Directions for this task
Write out the lines below exactly, beginning at the one with "แต่มันก็ไม่รู้ว่าหิวอะไร มันมีอาการรู้สึกว่าหิว อยากจะได้อะไร" and stopping after the one with "Zweilagige hochwertige Zellstoff-Tissue-Qualität"; the pictures are not copied.

Information

^^^^^^^^^^^^^^^^

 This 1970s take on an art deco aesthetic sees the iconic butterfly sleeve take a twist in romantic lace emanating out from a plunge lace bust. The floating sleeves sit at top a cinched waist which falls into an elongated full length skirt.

^^^^^^^^^^^^^^^^

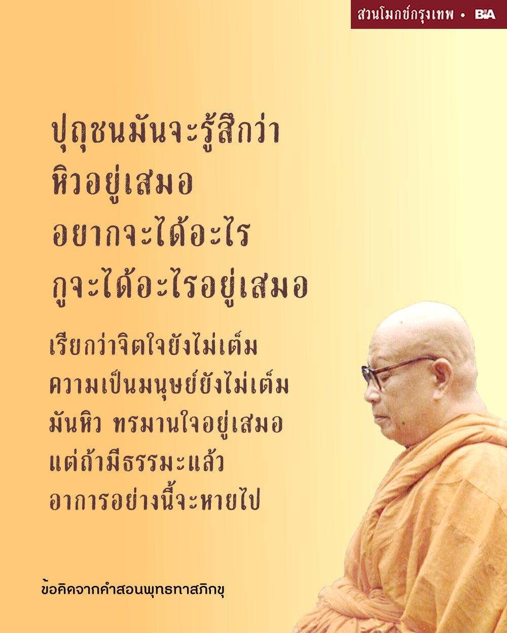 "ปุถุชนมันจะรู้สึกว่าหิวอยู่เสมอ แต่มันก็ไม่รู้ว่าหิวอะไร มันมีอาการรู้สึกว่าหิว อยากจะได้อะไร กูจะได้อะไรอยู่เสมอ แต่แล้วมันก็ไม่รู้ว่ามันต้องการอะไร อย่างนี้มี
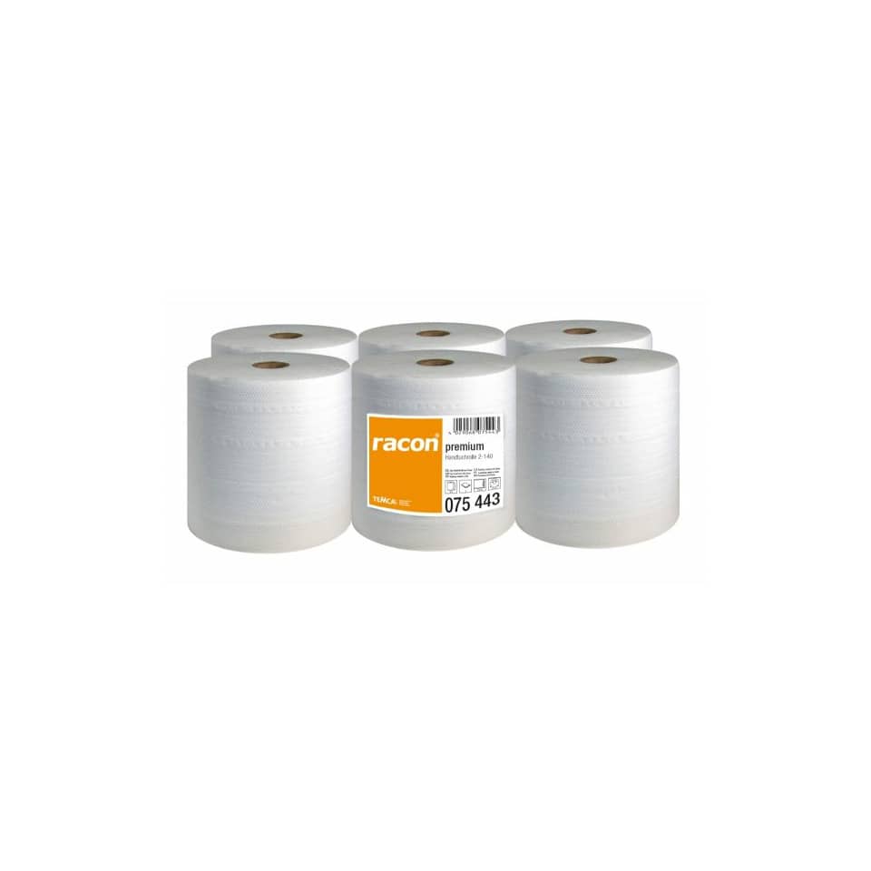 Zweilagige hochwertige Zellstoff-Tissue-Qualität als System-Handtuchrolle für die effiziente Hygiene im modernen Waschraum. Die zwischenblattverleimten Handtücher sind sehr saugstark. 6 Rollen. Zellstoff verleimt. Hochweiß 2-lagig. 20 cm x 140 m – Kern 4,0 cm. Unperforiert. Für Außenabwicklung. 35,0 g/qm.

^^^^^^^^^^^^^^^^

Answer space
 "ปุถุชนมันจะรู้สึกว่าหิวอยู่เสมอ แต่มันก็ไม่รู้ว่าหิวอะไร มันมีอาการรู้สึกว่าหิว อยากจะได้อะไร กูจะได้อะไรอยู่เสมอ แต่แล้วมันก็ไม่รู้ว่ามันต้องการอะไร อย่างนี้มี
 Zweilagige hochwertige Zellstoff-Tissue-Qualität als System-Handtuchrolle für die effiziente Hygiene im modernen Waschraum. Die zwischenblattverleimten Handtücher sind sehr saugstark. 6 Rollen. Zellstoff verleimt. Hochweiß 2-lagig. 20 cm x 140 m – Kern 4,0 cm. Unperforiert. Für Außenabwicklung. 35,0 g/qm.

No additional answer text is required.